> _Available records_
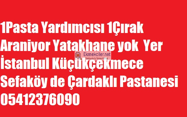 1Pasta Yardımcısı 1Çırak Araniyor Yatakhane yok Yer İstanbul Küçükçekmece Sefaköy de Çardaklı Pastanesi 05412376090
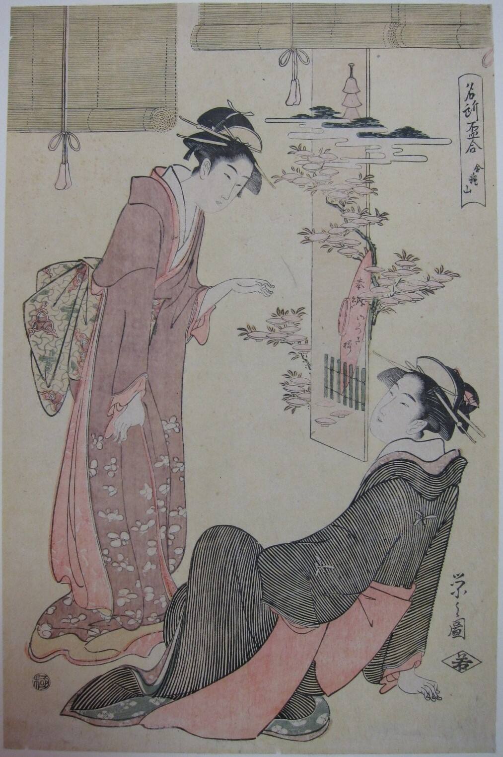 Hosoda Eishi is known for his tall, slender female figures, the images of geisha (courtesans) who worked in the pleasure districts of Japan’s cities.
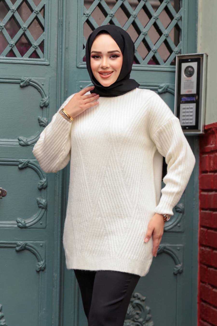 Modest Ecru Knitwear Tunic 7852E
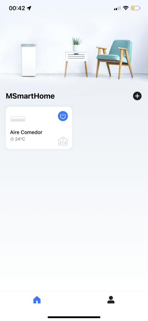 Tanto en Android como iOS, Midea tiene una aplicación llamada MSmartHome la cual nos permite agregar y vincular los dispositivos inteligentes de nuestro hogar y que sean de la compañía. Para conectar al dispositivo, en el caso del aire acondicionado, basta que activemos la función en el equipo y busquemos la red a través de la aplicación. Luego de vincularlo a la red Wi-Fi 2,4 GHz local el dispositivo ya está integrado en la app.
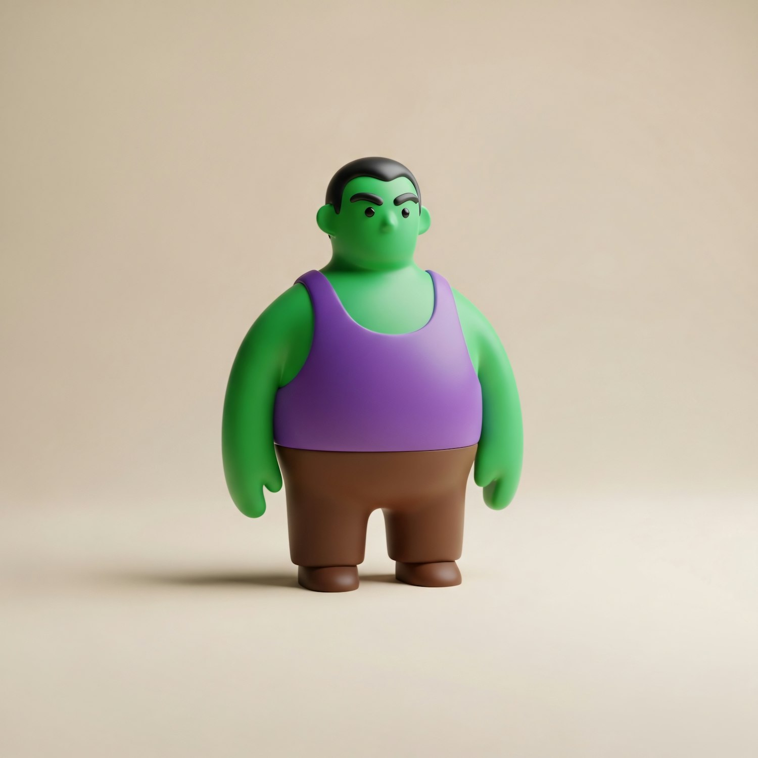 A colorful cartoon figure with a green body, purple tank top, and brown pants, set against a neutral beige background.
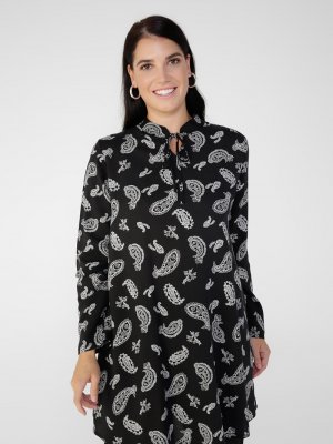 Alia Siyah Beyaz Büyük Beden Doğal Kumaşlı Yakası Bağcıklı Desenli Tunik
--
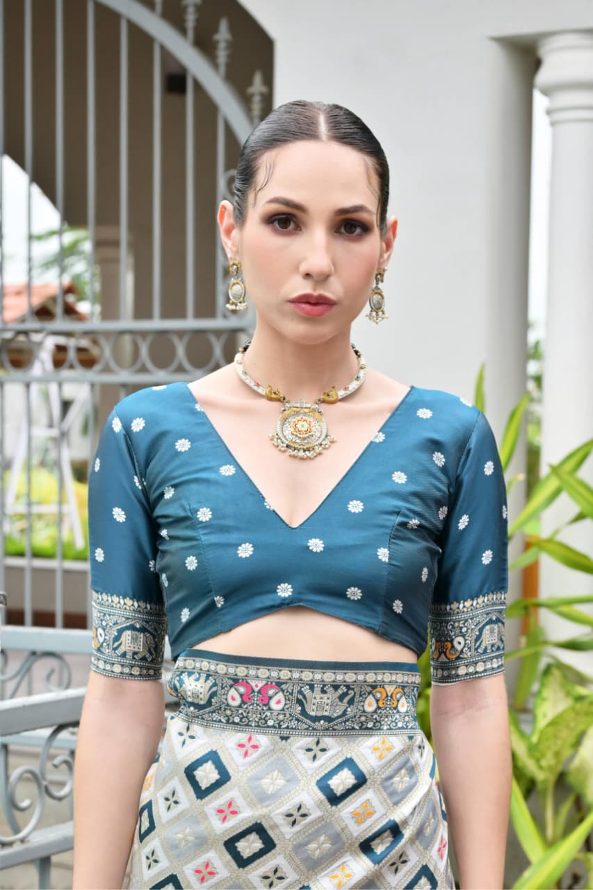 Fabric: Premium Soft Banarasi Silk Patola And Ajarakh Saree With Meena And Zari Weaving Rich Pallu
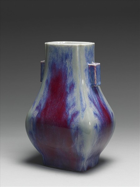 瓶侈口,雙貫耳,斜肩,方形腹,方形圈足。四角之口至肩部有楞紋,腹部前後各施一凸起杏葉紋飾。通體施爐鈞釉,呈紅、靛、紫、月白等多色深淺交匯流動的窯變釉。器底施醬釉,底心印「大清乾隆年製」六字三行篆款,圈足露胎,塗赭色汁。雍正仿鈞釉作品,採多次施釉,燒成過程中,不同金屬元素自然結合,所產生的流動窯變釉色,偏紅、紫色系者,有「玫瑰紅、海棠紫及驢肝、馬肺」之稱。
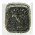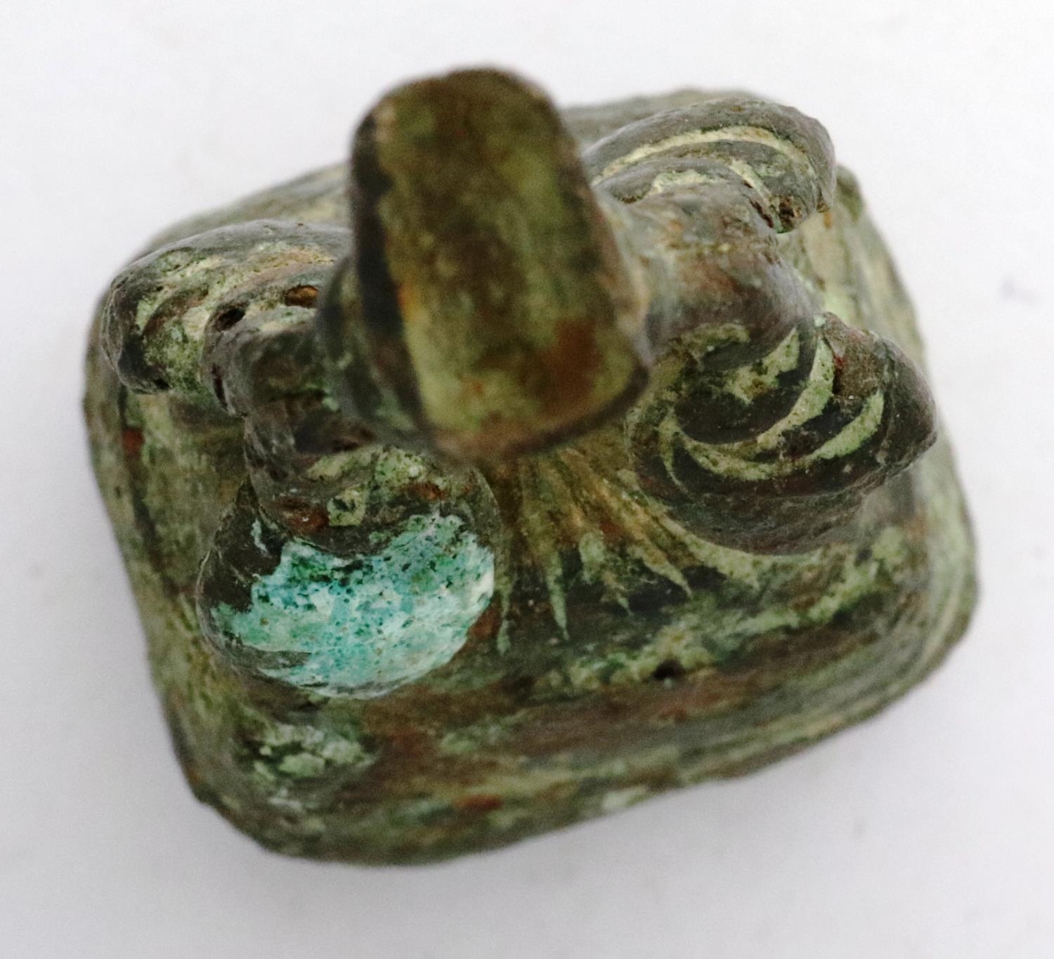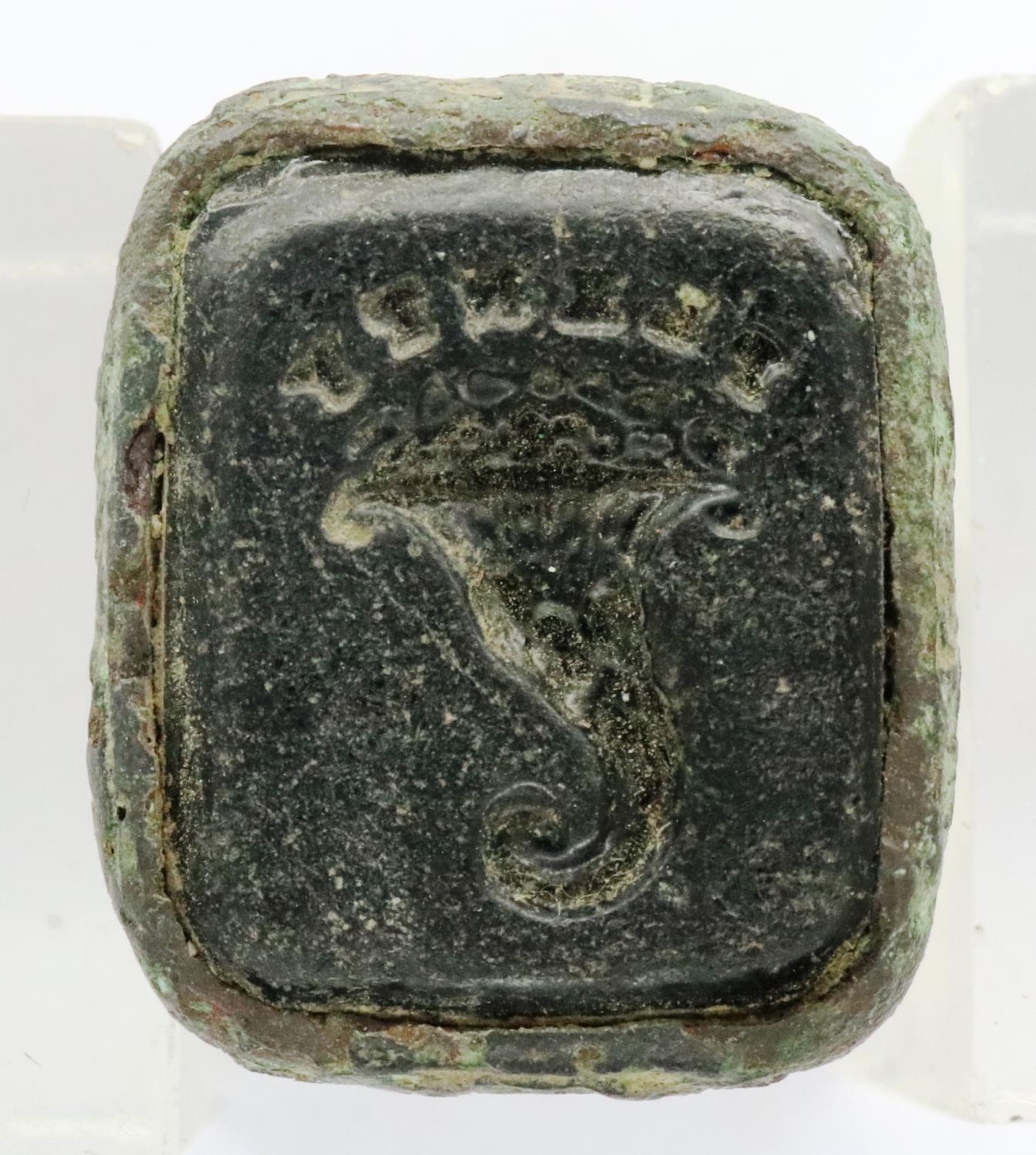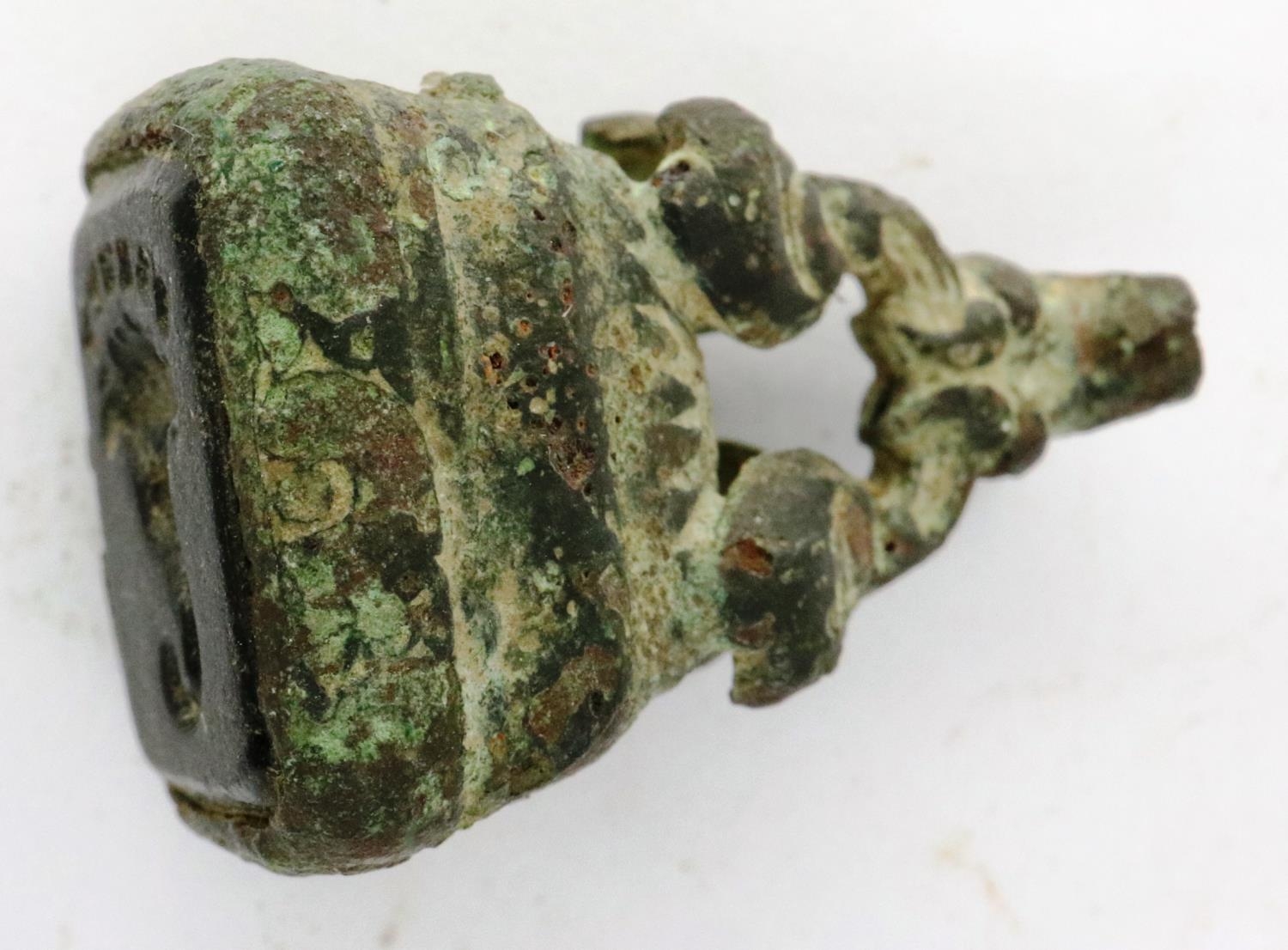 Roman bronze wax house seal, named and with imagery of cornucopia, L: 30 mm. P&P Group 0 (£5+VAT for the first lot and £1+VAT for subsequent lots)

> _Your assignment_
Transcribe, word for word, the lines of the listing above from the one that contains "1Pasta Yardımcısı 1Çırak" through the one that contains "Modest Ecru Knitwear Tunic 7852E", keeping both ends and dropping the pictures.

> _Your solution_
 1Pasta Yardımcısı 1Çırak Araniyor Yatakhane yok Yer İstanbul Küçükçekmece Sefaköy de Çardaklı Pastanesi 05412376090
 Hosoda Eishi is known for his tall, slender female figures, the images of geisha (courtesans) who worked in the pleasure districts of Japan’s cities.
 Modest Ecru Knitwear Tunic 7852E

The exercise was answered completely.